Она подавила в себе желание приподнять простыню. Ей подумалось, что в данный момент этот жест был бы вызван только болезненным желанием доставить себе еще большую боль. Самсон-Аарон умер, и он имеет право на тайну смерти. Марджори осознавала, что при всем ужасающем страхе смерть, тем не менее, была удивительно ярким и волнующим переживанием. С легким чувством стыда она ощутила, что испытывает от нее слишком большое удовольствие — и это несмотря на глубину ее горя и боли. Все это было для нее слишком сложным и новым и ни капельки не походило на то, что она думала о смерти раньше. Каким-то странным пугающим образом смерть оказалась забавной, в самом деле, хотя она никогда не смогла бы объяснить почему, да и не решилась бы хоть словом обмолвиться об этом кому-нибудь. Где бы ни был сейчас Самсон-Аарон — а она чувствовала, что дух его рядом, недалеко от покинутого им тела, — он не рассердился бы на нее за эту странную и недостойную реакцию. Возможно, так действовало успокаивающее. Возможно, она просто не способна была отвечать за свои мысли.

Внезапно все в ней съежилось от страха, ее затошнило. Схватив журнал, она рывком раскрыла его на коленях.

— Так не пойдет, Марджори. — Грич стоял в дверном проеме, подбрасывая на ладони фонарик. — Кто-нибудь другой должен здесь побыть, никак не ты. Где сестра? Я сам ее сейчас разбужу и…
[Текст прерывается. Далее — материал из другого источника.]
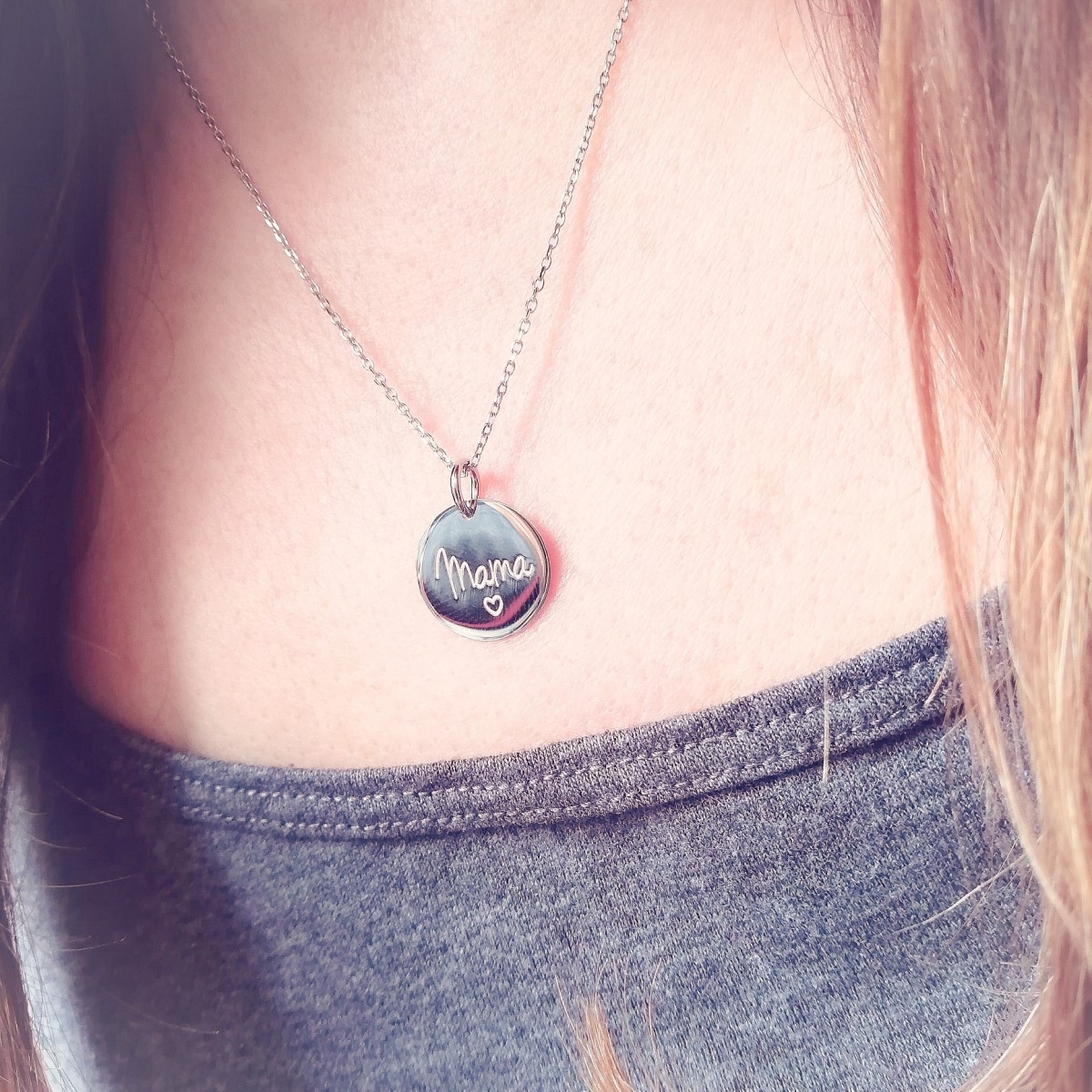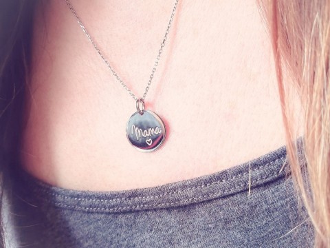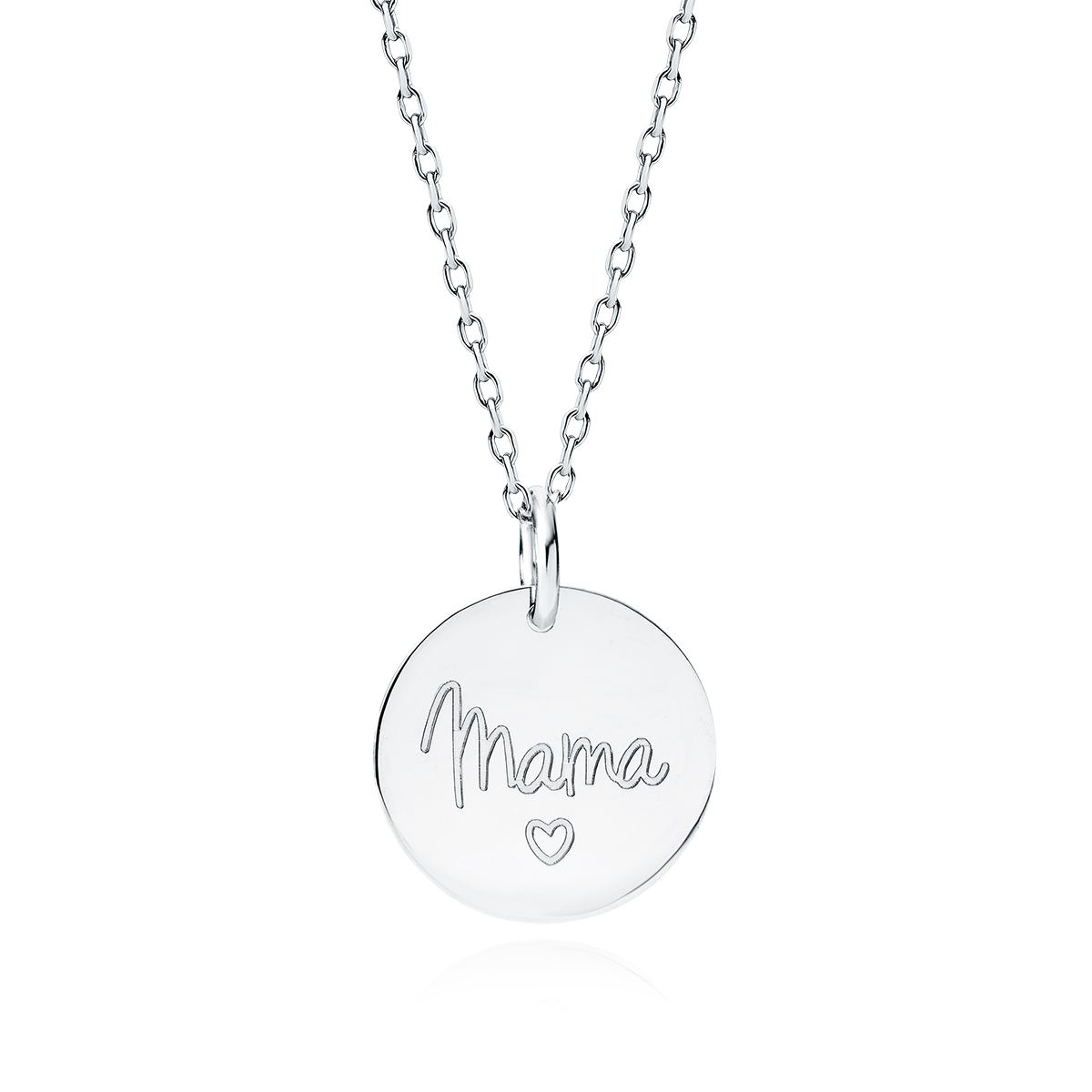 Naszyjnik wykonany z klasycznego łańcuszka o splocie ankier i okrągłej zawieszki zdobionej białym grawerem o treści MAMA i małym serduszkiem. Srebro wykończone na wysoki połysk. Naszyjnik zapinany na federing. Posiada przedłużkę.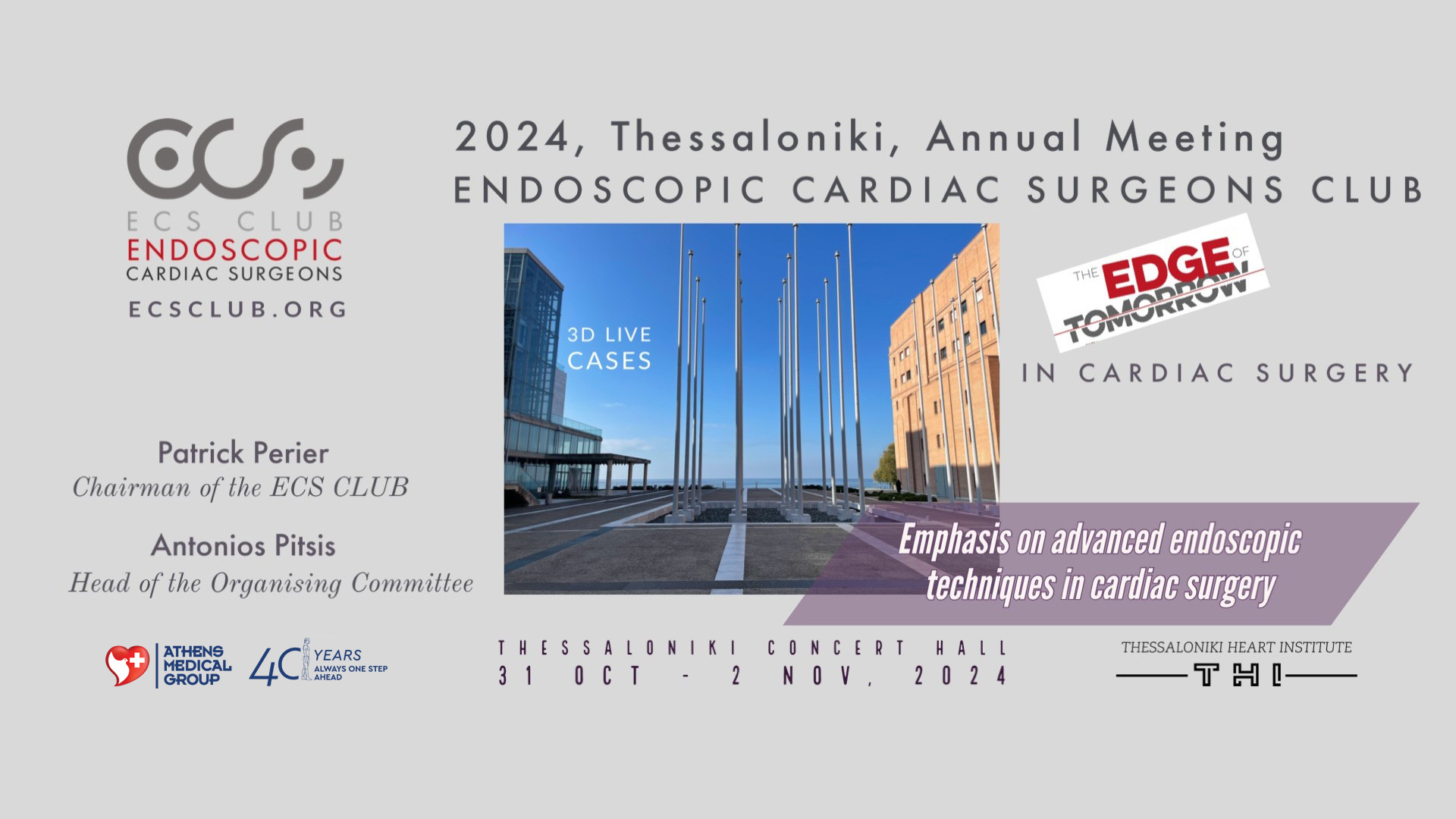 Μετά την απόλυτα επιτυχημένη παγκόσμια συνάντηση στο Μιλάνο, η Θεσσαλονίκη ετοιμάζεται να υποδεχτεί το Endoscopic Cardiac Surgeons Club για την τρίτη ετήσια διεθνή συνάντησή του από τις 31 Οκτωβρίου έως τις 2 Νοεμβρίου 2024, στο Μέγαρο Μουσικής (κτίριο Μ2). Πρόκειται για ένα παγκόσμιο γεγονός που αναμένεται να προσελκύσει το έντονο ενδιαφέρον της διεθνούς επιστημονικής κοινότητας, με στόχο την προώθηση καινοτόμων τεχνικών και πρωτοποριακών πρακτικών στην ενδοσκοπική καρδιοχειρουργική.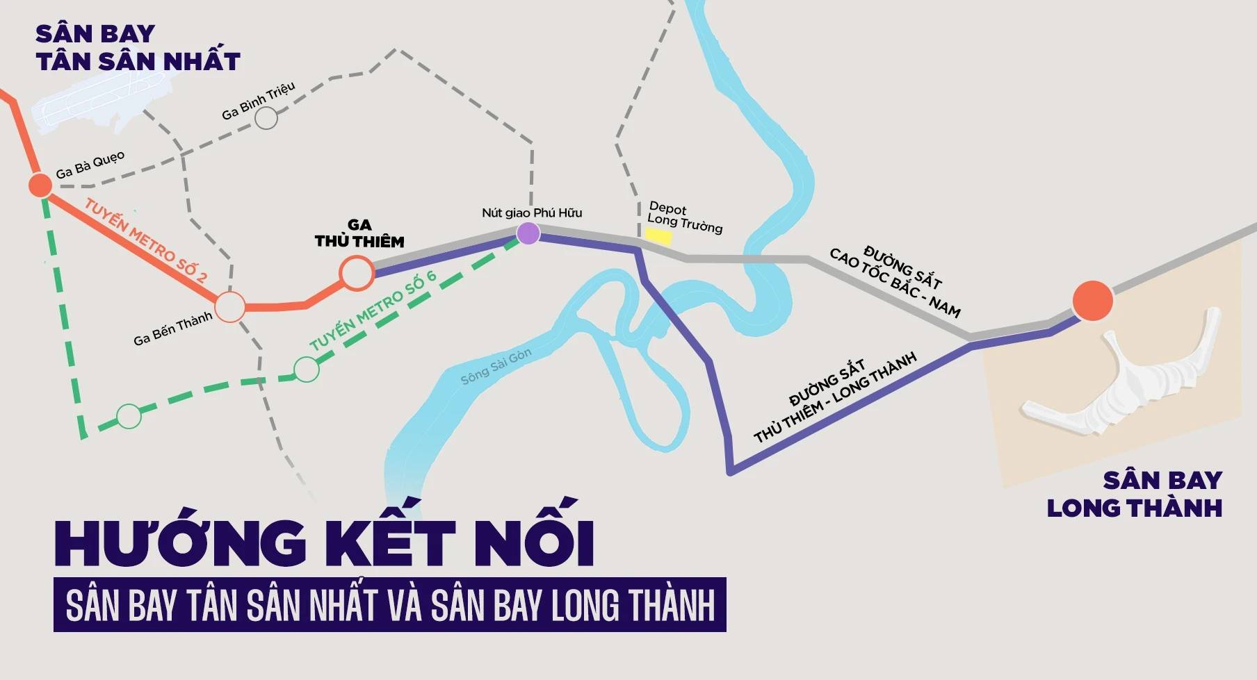 Đồng thời, làm các thủ tục báo cáo HĐND hai địa phương thống nhất giao UBND TP.HCM là cơ quan thẩm quyền và xem xét giao nhà đầu tư (Tập đoàn Trường Hải) nghiên cứu triển khai tuyến đường sắt Bến Thành – Thủ Thiêm và Thủ Thiêm – Long Thành theo hình thức đối tác công tư PPP. Dự kiến sẽ hoàn thành trong năm 2030.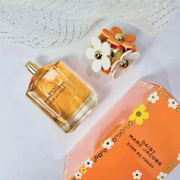 Marc Jacobs Daisy Ever So Fresh mang thiết kế cổ điển nhưng được nhấn nhá bằng màu sắc tươi sáng. Chai thủy tinh trong suốt để lộ chất lỏng vàng óng bên trong, tạo cảm giác ấm áp và rực rỡ. Nắp chai là các bông hoa cúc được phủ các tông màu cam, vàng và trắng, gợi lên sự trẻ trung, đầy sức sống và lôi cuốn ngay từ ánh nhìn đầu tiên.

Марджори объяснила ему, какой наказ дала ей мать.

— Очень хорошо, — ответил Грич. — я прикажу, чтобы здесь ни до чего не дотрагивались до приезда твоей мамы.

— Я хотела бы быть в этом уверенной наверняка, мистер Грич. Я никогда не прощу себе потом, если… Честное слово, мне нетрудно…

— Ну-ка встань со стула! — сказал Грич. Марджори автоматически подчинилась, уронив журнал на пол. Грич уселся и положил фонарик на тумбочку возле кровати. — За пятнадцать лет еще никто здесь не сделал ничего без моего позволения. И так будет всегда. Я имею в виду всяких там констеблей и прочих. Клянусь тебе в этом. Я побуду с ним до тех пор, пока не приедет твоя мама. А ты делай, что я тебе скажу. Позови сестру, пойдите вместе в одну из свободных комнат, и постарайся вздремнуть.

Поколебавшись немного, она взглянула еще раз на закрытого мертвого дядю и решилась оставить его на попечение маленького толстого человечка в белых шортах до колен.


В конце концов оказалось, что весь этот кошмар — только сон. Потому что вот же он, Самсон-Аарон, в трико сиреневого цвета, выкидывает на траве коленца с быком, посреди веселящихся гостей, разместившихся на желтых стульях под ярким солнцем. А мама говорит ей:

— Что это за дурацкие шутки о том, что Самсон-Аарон болен или мертв или что-то там еще? Он же в великолепной форме!

— Мамочка, это, наверное, был сон, но, честное слово, все казалось таким реальным, что я просто не могла не сообщить тебе.

Кто-то тронул ее за плечо. Она обернулась, чтобы посмотреть на подошедшего, и все в ней перевернулось от ужаса. Рядом с ней стояла Маша с седыми разбросанными по плечам лохмами, дикими глазами и прыщавым лицом. В руке она держала кухонный нож и с глупым хихиканьем вонзила его прямо Марджори в горло.

Усилием воли Марджори заставила себя открыть глаза. Рука, трясшая ее плечо, была мамина. В окно тускло лился свет пасмурного утра. Миссис Моргенштерн сказала:

— Извини, дорогая, но тебе пора вставать. Джеффри только что приехал.

— О Боже, неужели я заснула? Который час? — Она села на кровати, откинув грубое коричневое одеяло, все еще ощущая дрожь в спине от своего кошмара. Осознание того, что произошло, возвращалось к ней.